Exercise details ▸
For the data below, retype word for word the lines from the one containing "Đại hội cũng" through the one containing "えみはタロットを用いて、あな"; drop the pictures.

:: Records shown

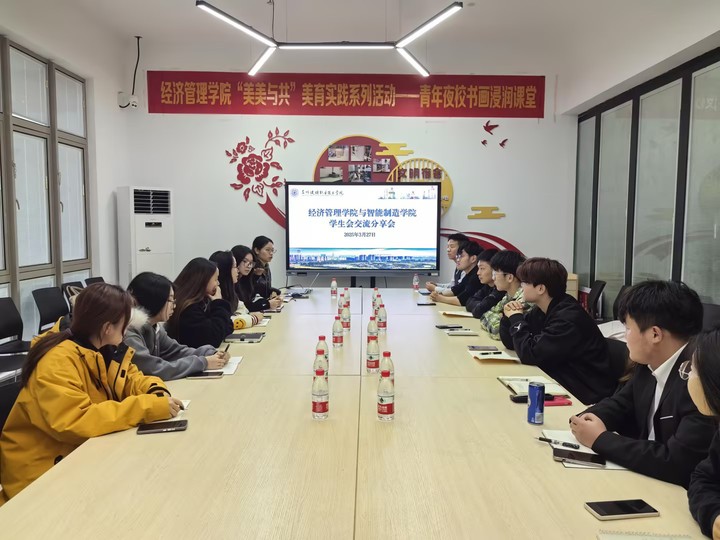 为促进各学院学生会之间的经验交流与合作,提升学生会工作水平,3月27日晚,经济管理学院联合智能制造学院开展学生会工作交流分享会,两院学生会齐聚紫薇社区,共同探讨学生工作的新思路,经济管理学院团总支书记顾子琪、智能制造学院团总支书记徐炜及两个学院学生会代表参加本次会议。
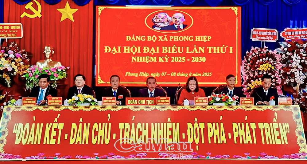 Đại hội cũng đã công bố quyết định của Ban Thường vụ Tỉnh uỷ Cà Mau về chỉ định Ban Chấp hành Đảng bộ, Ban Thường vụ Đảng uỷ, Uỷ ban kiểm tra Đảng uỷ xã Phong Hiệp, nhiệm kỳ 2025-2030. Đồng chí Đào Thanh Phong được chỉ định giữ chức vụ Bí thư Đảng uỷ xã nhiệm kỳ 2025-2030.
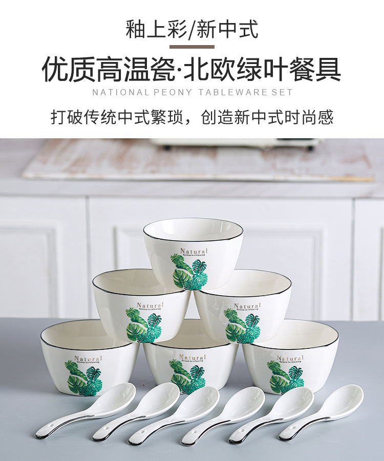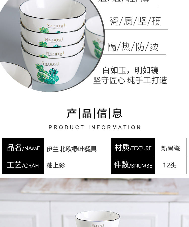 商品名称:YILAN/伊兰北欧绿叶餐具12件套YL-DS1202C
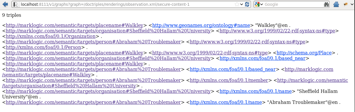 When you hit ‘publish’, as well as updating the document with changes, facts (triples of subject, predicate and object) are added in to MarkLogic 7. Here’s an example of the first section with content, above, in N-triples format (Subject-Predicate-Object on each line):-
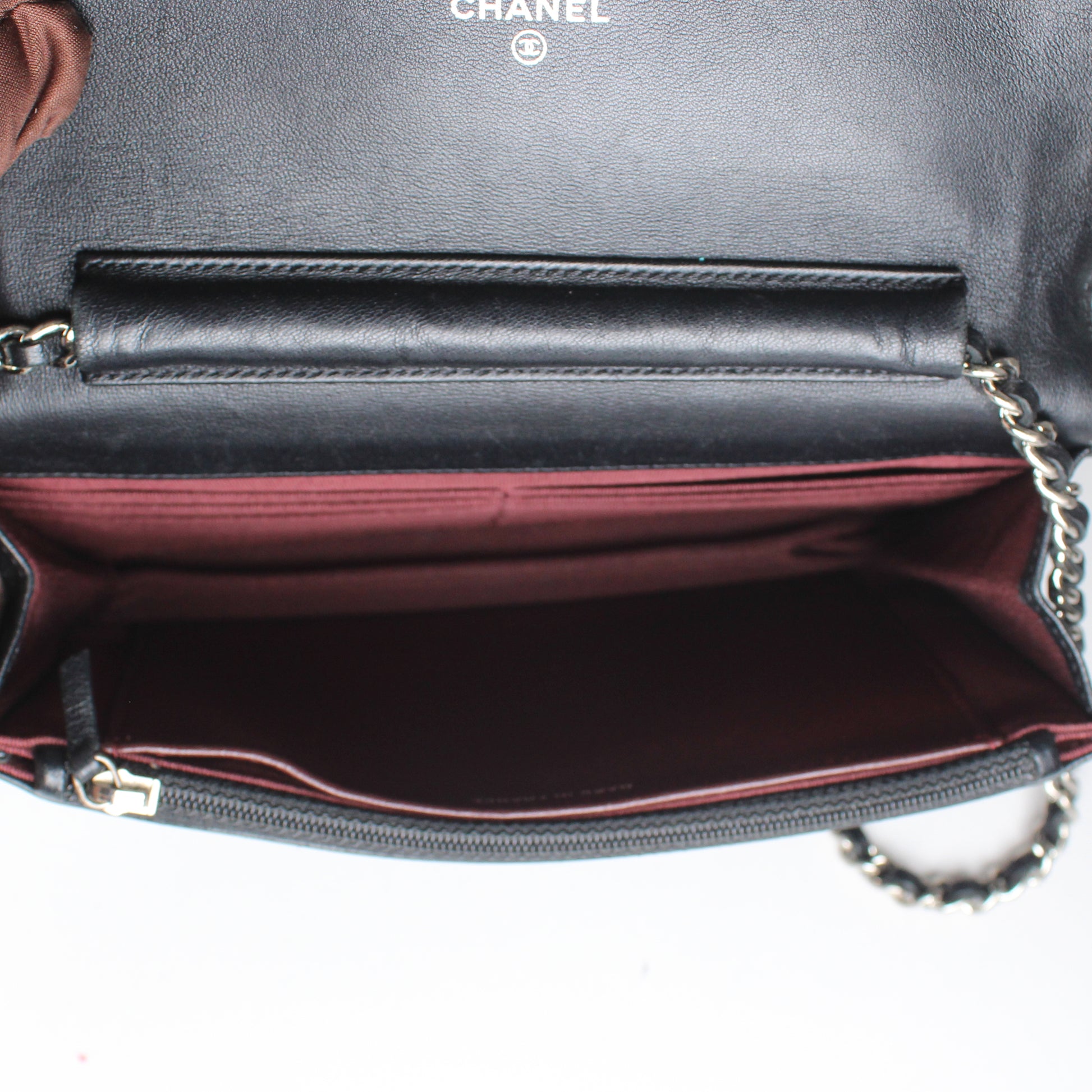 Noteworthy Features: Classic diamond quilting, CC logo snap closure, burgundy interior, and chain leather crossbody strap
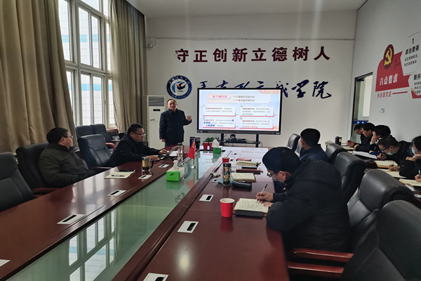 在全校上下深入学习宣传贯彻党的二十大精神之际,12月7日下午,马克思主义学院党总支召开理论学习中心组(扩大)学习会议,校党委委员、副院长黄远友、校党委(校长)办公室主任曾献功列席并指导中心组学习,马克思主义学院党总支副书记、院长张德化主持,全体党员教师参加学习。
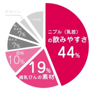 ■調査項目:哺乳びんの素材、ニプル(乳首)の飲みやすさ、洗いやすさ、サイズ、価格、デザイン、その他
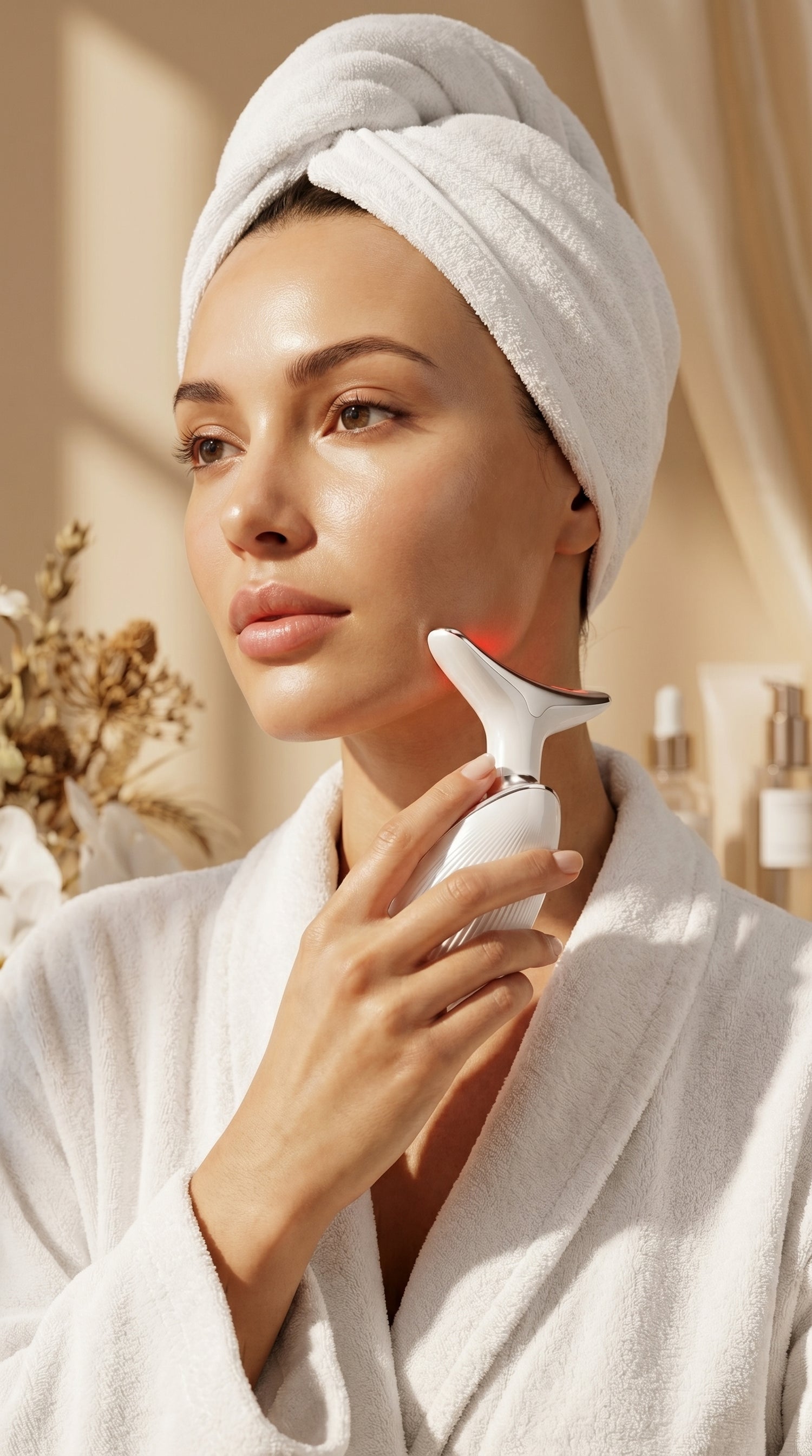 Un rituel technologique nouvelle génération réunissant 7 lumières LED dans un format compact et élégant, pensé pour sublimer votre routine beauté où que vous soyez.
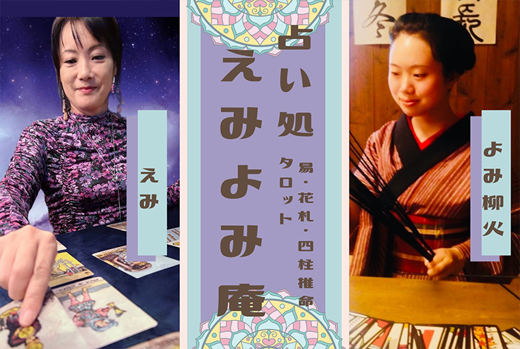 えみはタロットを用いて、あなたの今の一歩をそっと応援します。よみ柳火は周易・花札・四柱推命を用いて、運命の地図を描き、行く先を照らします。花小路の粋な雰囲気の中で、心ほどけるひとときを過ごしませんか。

::::
:: Records shown

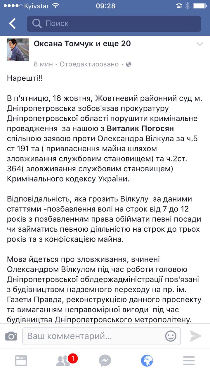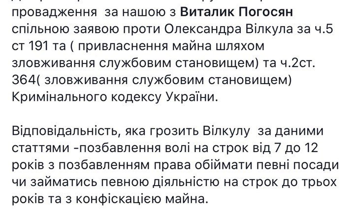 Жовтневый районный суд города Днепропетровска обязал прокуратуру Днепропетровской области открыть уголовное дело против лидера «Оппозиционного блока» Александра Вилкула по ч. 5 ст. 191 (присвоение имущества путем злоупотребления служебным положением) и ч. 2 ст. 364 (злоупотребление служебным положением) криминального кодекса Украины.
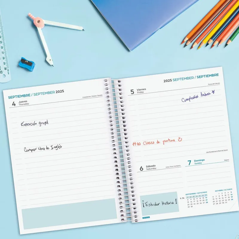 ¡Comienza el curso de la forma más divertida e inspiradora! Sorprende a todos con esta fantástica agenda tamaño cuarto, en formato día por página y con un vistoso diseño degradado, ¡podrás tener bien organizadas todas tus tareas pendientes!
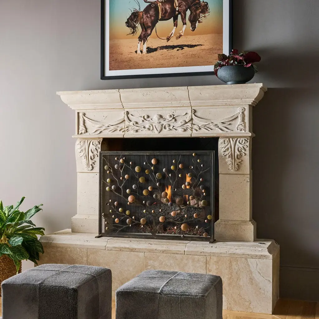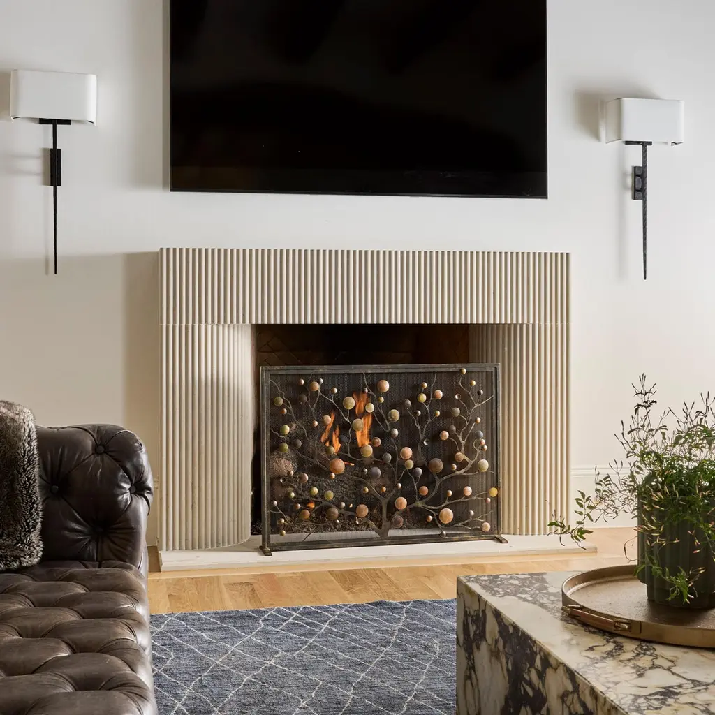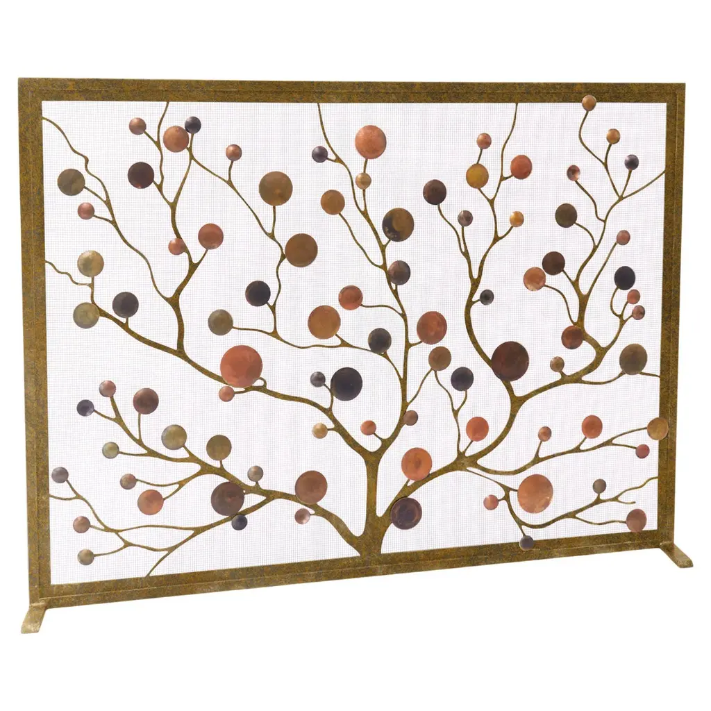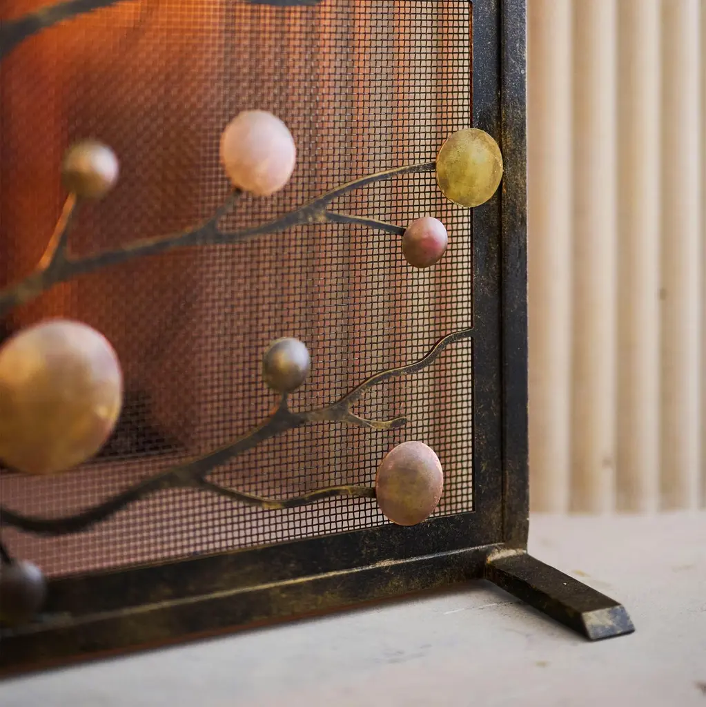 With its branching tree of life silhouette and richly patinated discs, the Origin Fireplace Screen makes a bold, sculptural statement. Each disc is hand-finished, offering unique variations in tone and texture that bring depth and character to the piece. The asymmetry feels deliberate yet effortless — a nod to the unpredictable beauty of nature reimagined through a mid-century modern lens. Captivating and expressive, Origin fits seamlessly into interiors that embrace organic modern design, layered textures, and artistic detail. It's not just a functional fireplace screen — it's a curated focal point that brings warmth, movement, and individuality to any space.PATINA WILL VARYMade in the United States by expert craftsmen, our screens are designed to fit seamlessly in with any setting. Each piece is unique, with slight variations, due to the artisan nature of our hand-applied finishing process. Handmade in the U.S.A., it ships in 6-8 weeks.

::::

Response area ▸
 Đại hội cũng đã công bố quyết định của Ban Thường vụ Tỉnh uỷ Cà Mau về chỉ định Ban Chấp hành Đảng bộ, Ban Thường vụ Đảng uỷ, Uỷ ban kiểm tra Đảng uỷ xã Phong Hiệp, nhiệm kỳ 2025-2030. Đồng chí Đào Thanh Phong được chỉ định giữ chức vụ Bí thư Đảng uỷ xã nhiệm kỳ 2025-2030.
 商品名称:YILAN/伊兰北欧绿叶餐具12件套YL-DS1202C
 When you hit ‘publish’, as well as updating the document with changes, facts (triples of subject, predicate and object) are added in to MarkLogic 7. Here’s an example of the first section with content, above, in N-triples format (Subject-Predicate-Object on each line):-
 Noteworthy Features: Classic diamond quilting, CC logo snap closure, burgundy interior, and chain leather crossbody strap
 在全校上下深入学习宣传贯彻党的二十大精神之际,12月7日下午,马克思主义学院党总支召开理论学习中心组(扩大)学习会议,校党委委员、副院长黄远友、校党委(校长)办公室主任曾献功列席并指导中心组学习,马克思主义学院党总支副书记、院长张德化主持,全体党员教师参加学习。
 ■調査項目:哺乳びんの素材、ニプル(乳首)の飲みやすさ、洗いやすさ、サイズ、価格、デザイン、その他
 Un rituel technologique nouvelle génération réunissant 7 lumières LED dans un format compact et élégant, pensé pour sublimer votre routine beauté où que vous soyez.
 えみはタロットを用いて、あなたの今の一歩をそっと応援します。よみ柳火は周易・花札・四柱推命を用いて、運命の地図を描き、行く先を照らします。花小路の粋な雰囲気の中で、心ほどけるひとときを過ごしませんか。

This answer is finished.